Prompt:
From the listing below, set down exactly the lines between the one holding "本文关于不死凤凰的基本详情介绍就讲解完毕,希望对大家有所帮助。" and the one holding "Dôležitou súčasťou filozofie", inclusive. No other line is wanted.

Available data:
·····

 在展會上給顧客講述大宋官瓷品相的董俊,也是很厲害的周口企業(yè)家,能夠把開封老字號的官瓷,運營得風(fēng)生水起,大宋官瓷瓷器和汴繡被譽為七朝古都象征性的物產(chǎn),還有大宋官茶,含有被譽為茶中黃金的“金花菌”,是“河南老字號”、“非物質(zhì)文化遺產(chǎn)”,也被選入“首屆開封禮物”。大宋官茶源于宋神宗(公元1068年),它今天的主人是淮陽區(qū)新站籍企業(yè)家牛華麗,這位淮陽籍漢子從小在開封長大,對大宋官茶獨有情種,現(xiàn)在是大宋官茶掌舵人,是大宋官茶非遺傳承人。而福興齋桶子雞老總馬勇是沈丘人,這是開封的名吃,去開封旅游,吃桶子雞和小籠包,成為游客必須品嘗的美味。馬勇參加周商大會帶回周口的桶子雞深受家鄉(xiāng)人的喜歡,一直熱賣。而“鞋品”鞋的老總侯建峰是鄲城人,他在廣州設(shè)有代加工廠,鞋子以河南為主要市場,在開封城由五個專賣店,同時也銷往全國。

·····

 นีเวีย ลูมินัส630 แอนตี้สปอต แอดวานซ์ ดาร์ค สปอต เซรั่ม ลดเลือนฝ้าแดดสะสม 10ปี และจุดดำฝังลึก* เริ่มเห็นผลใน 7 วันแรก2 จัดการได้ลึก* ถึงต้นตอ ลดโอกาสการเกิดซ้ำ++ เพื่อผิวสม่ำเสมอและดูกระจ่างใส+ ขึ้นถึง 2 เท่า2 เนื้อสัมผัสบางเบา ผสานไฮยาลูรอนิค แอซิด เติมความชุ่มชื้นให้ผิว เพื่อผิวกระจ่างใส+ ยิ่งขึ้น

·····

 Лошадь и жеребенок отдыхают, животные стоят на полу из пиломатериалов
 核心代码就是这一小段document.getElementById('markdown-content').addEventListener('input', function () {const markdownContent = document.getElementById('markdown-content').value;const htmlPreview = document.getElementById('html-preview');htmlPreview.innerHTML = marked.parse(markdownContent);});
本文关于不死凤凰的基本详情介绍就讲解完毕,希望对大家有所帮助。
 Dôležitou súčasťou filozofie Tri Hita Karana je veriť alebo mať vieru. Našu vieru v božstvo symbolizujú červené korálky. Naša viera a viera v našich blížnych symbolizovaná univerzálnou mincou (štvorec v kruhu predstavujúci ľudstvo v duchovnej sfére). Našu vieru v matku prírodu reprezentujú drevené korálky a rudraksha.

·····

Exercise answer:
本文关于不死凤凰的基本详情介绍就讲解完毕,希望对大家有所帮助。
 Dôležitou súčasťou filozofie Tri Hita Karana je veriť alebo mať vieru. Našu vieru v božstvo symbolizujú červené korálky. Naša viera a viera v našich blížnych symbolizovaná univerzálnou mincou (štvorec v kruhu predstavujúci ľudstvo v duchovnej sfére). Našu vieru v matku prírodu reprezentujú drevené korálky a rudraksha.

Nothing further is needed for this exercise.